O fato é que toda essa problemática não se reduz e se encerra com o fechar dos portões
e dos muros escolares; ela está relacionada e tem a sua origem no campo social. E isso em nada
alivia a escola; ao contrário, demonstra o grau de complexidade que encerra a questão e o grande
desafio que se coloca para o enfrentamento das desigualdades sociais, para o reconhecimento e
o respeito à diversidade social.
Lembramos Santos (2013) quando diz que vivemos um tempo de normatividade
aparentemente apolítica e globalizada, o qual serve de base para uma sociedade composta por
indivíduos dominados pela ideia de autonomia individual, sendo esta autonomia considerada a
chave do sucesso na sociedade. Nesses termos, a construção desta autonomia e o resultado dela,
seja positivo ou negativo, são de responsabilidade exclusiva do indivíduo.
O caráter normativo desse tempo, diz Santos (2013, p. 9), se dá em razão de que, à
medida que os indivíduos se tornam donos dos seus destinos no que diz respeito à construção
da sua autonomia, a sociedade pode “legitimamente” abandoná-lo caso os seus fracassos sejam
considerados como resultantes de inépcia no exercício desta autonomia. Sendo a autonomia
entendida como um compromisso pessoal do indivíduo consigo próprio, cabendo ao sistema
político e às relações sociais apenas o dever de garanti-la, esta normatividade assume um caráter
apolítico, como destaca o autor. É desta ideologia que emerge o homo socioligicus do
neoliberalismo, ser associal ou mesmo antissocial, que se constitui em uma versão muito mais
ampliada do homo econômico da economia neoclássica (SANTOS, 2013).
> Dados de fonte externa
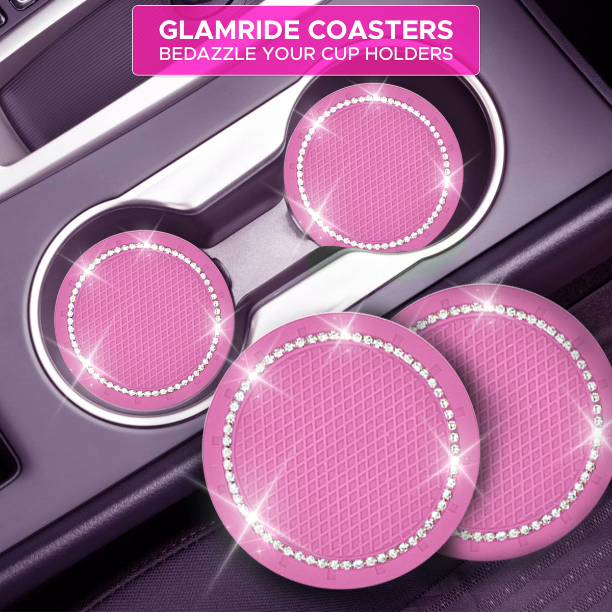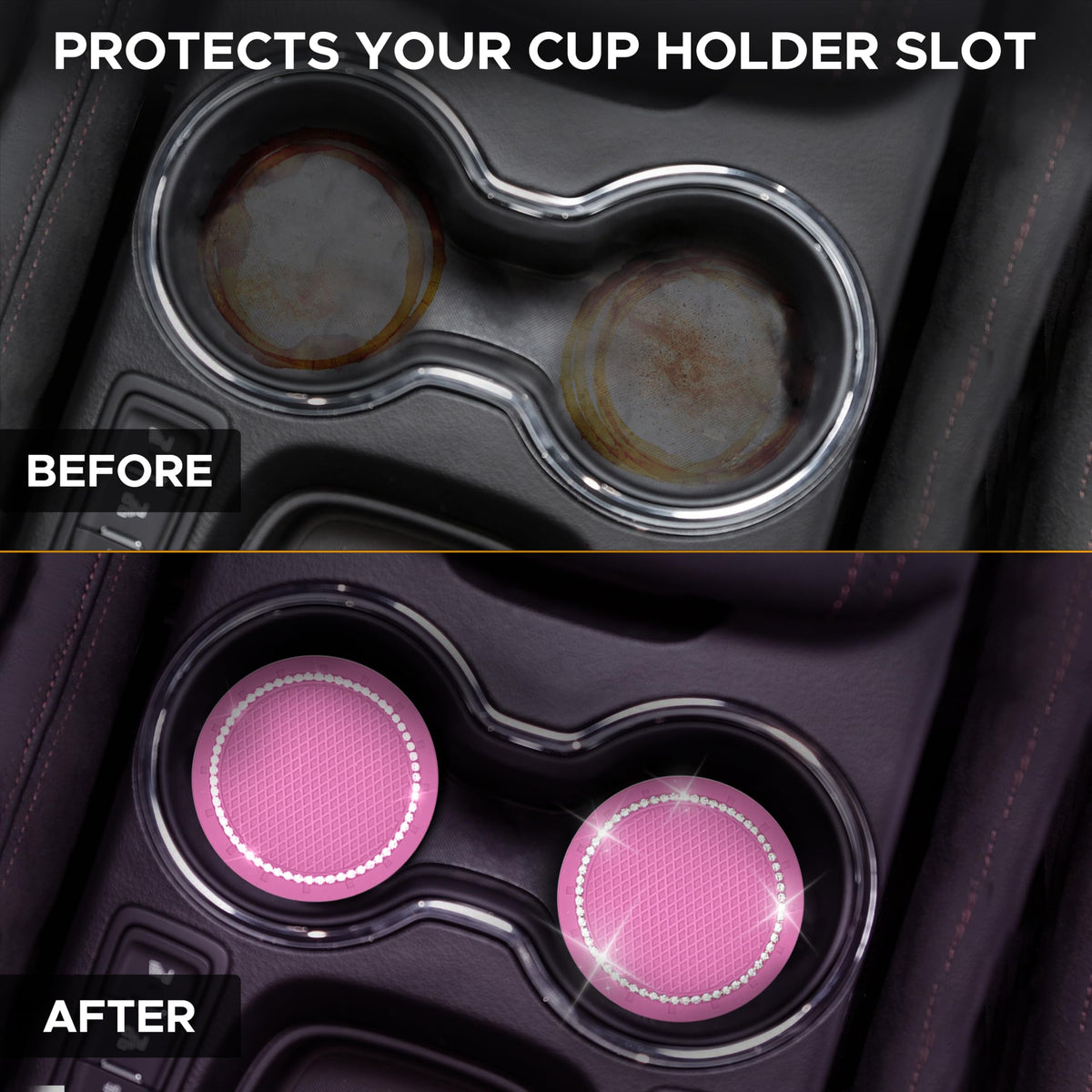 EcoNour Car Cup Coasters (2 Pack) with Pink Push Start Button Bling Ring (1 Pack) | Pink Car Interior Accessories for Women | Cl
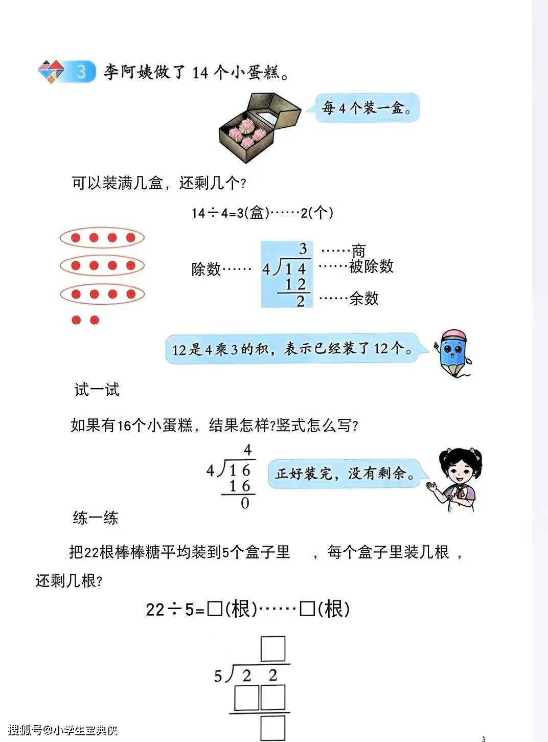 更值得一提的是,课本里的练习题都紧密结合生活场景。17 只兔子住 4 间房子、29 枝花插花瓶、李阿姨做的小蛋糕装盒,这些题目让孩子感受到数学就在身边,学会用数学思维解决实际问题。竖式除法的教学也融入了具体情境,比如 14 个小蛋糕装盒的例子,让孩子理解每一步计算的实际意义,而不是机械地套算。
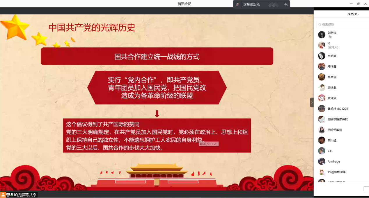 本次学习由预备党员叶惠杰主讲,主题为《国共合作 共创大业》,通过观看视频及PPT讲解相结合的形式,讲述了大革命时期,中国共产党与中国国民党首次建立合作的历史故事。以国共两党合作为特征的革命统一战线的建立,加速了中国革命的进程,在中国革命历史上出现了轰轰烈烈的大革命。
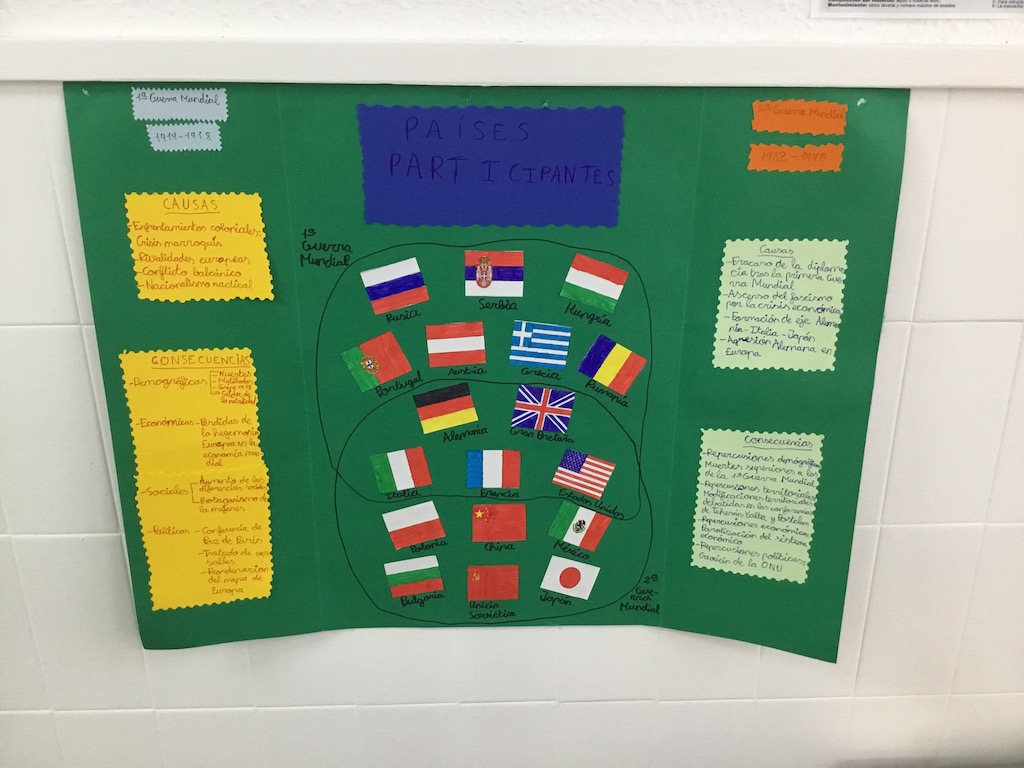 Los alumnos de sexto de Primaria a través de diversos medios, han indagado acerca de los orígenes de la historia de la Unión Europea. Para ello, han obtenido conocimientos previos sobre la I y II Guerra Mundial analizando las causas y consecuencias de las mismas utilizando distintas rutinas de pensamiento.
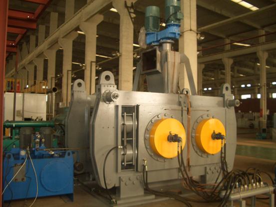 該對輥式壓片造粒機由機架組件,壓輥組件,傳動裝置,液壓緩沖組件及喂料機五部分組成.其工作原理為: 該機利用成對壓輥,彼此留有一定間隙,采用同步控制器控制兩臺電機和減速機,使對輥同步且相向運轉。其中一組對輥軸座固定,另一組對輥軸座滑動,藉助液壓缸施壓彼此緊靠,同時液壓系統還起補償作用。壓輥表面有規則地排列許多形狀、大小相同的穴孔(弧槽),根據物料對象壓縮比的不同,選擇采用一壓輥穴孔的波谷正好對準另一壓輥的波谷或波峰對準波谷。兩壓輥呈水平布置,粉粒狀物料從兩壓輥上方連續、均勻地靠自重及擠壓絞龍強制喂入兩壓輥之間,當物料進入咬入區后逐漸被壓輥咬入,隨著壓輥的連續旋轉,物料占有的空間逐漸減少而被逐步壓縮,并達到成型壓力的最大值,隨后,則壓力逐漸降低,所壓得之壓片,因彈性回復加其壓片自重而脫落壓輥弧槽,接下來進入切碎、整粒裝置并篩分至粒狀產品。
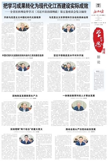 编者按 11月13日,全省社科理论界学习《习近平谈治国理政》第五卷座谈会在南昌举行。来自省内社科理论界的8名专家学者,围绕第五卷的丰富内涵、核心要义和精神实质等进行了深入交流。现按发言顺序刊发座谈会发言摘要,以飨读者。
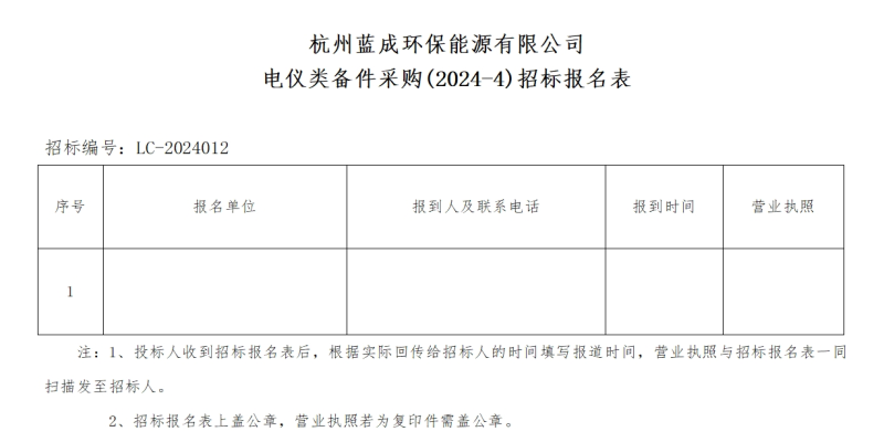 Ò»¡¢ÕР±ê ÈË£ºº¼ÖÝÀ¶³É»·±£ÄÜÔ´ÓÐÏÞ¹«Ë¾ £¬Õбê±àºÅ£ºLC-2024012 ¡£

O autor chama a atenção para a forma como essa ideologia contribui negativamente para
o processo de construção da justiça social, visto que os produtos resultantes das políticas nela
fundamentadas se mostram incapazes de gerar a indignação moral e a vontade política
necessária para combater eficazmente as desigualdades e criar uma sociedade mais justa e mais
digna (SANTOS, 2013, p. 10).
Em uma perspectiva muito próxima do que coloca Santos, François Dubet (2006, p. 34),

2
LGBT é a sigla que se refere a pessoas Lésbicas, Gays, Bissexuais, Travestis e Transexuais, ou seja, pessoas
com orientação sexual diferente da heterossexual ou com identidade de gênero diferente do sexo biológico.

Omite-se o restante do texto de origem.